Beyond water, Tibet is the world’s top lithium producer; home to China’s largest reserves of several metals, including copper and chromite (used in steel production); and an important source of diamonds, gold, and uranium.

In recent years, Chinese-controlled companies have launched a mining frenzy on the plateau that not only damages landscapes sacred to Tibetans, but also is eroding Tibet’s ecology further – including by polluting its precious water.

These are precisely the kinds of actions that caused China’s water crisis in the first place. Instead of learning the lessons of its past mistakes, China is compounding them, forcing a growing number of people and ecosystems to pay the price for its imprudent approach to economic growth.

Indeed, China has implemented no effective safeguards against adverse impacts from intensive water mining. Bottled water is being sourced even from protected reserves where glaciers are already in retreat. Meanwhile, the glacier-siphoning boom is attracting highly polluting ancillary industries, including manufacturers of plastic water bottles.

Make no mistake: Glacier-water mining has major environmental costs in terms of biodiversity loss, impairment of some ecosystem services due to insufficient runoff water, and potential depletion or degradation of glacial springs.

Moreover, the process of sourcing, processing, bottling, and transporting glacial water from the Himalayas to Chinese cities thousands of miles away has a very large carbon footprint.

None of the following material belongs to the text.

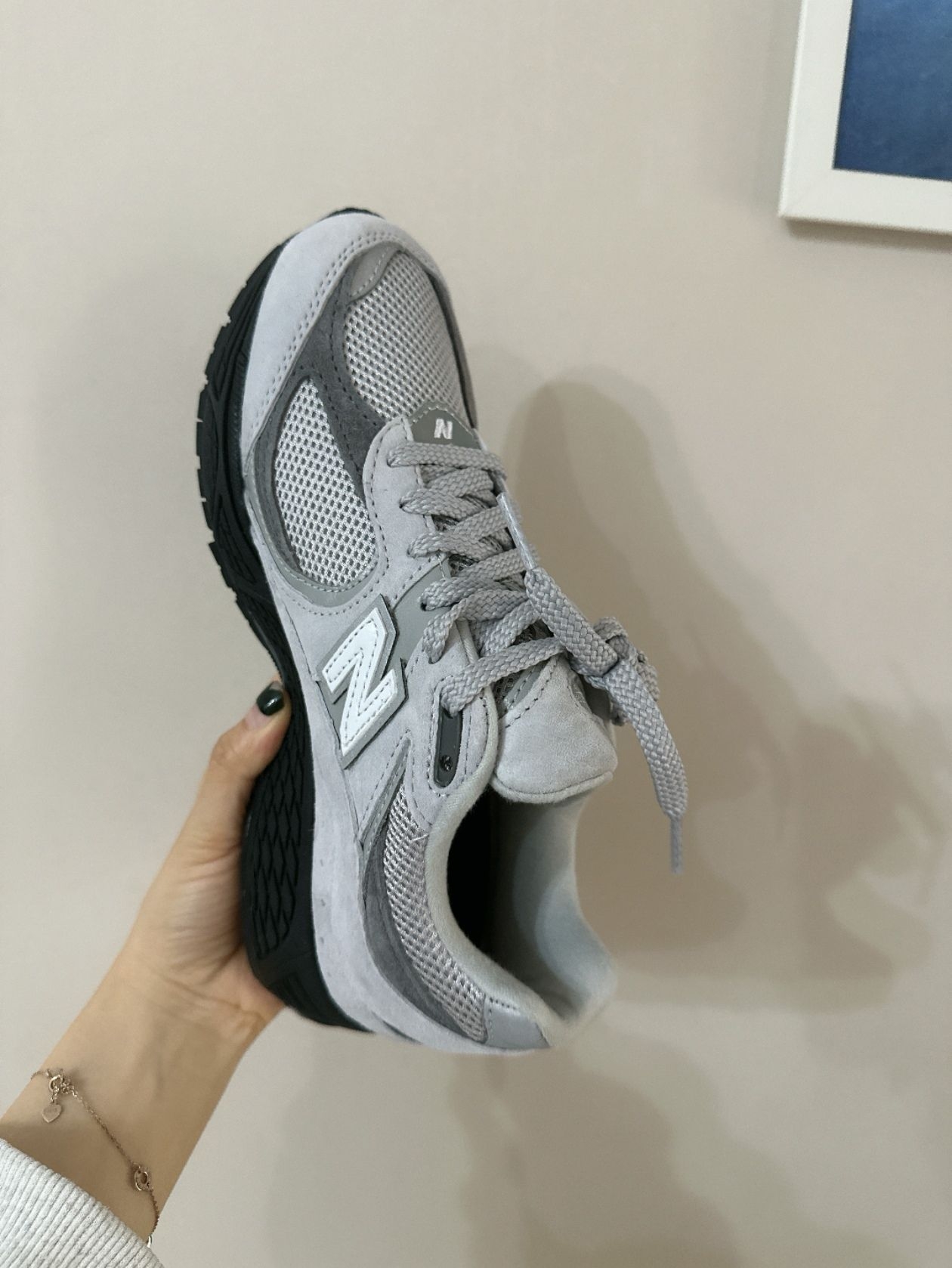 最近通勤天天蹬这双2002r云雾灰👟,真的越穿越爱!鞋面是织物+合成革组合,透气还带点质感,日常搭浅色系衣服就很有活力🌱~上周穿它配白色休闲服去操场散步,朋友说我整个人清爽又时尚😎!走大半天脚也不酸,舒服到不想脱! 不过要注意⚠️:浅色鞋面容易沾灰,白色部分用橡皮擦就能擦干净🧼~尺码正常,我宽脚穿平时码刚好✅!

Bottling glacier water is not the right way to quench China’s thirst. A better alternative, both environmentally and economically, would be to boost investment in treatment facilities to make tap water safe in cities.

Unfortunately, China seems determined to remain on its current course – an approach that could do irreparable and severe damage to Asia’s environment, economy, and political stability.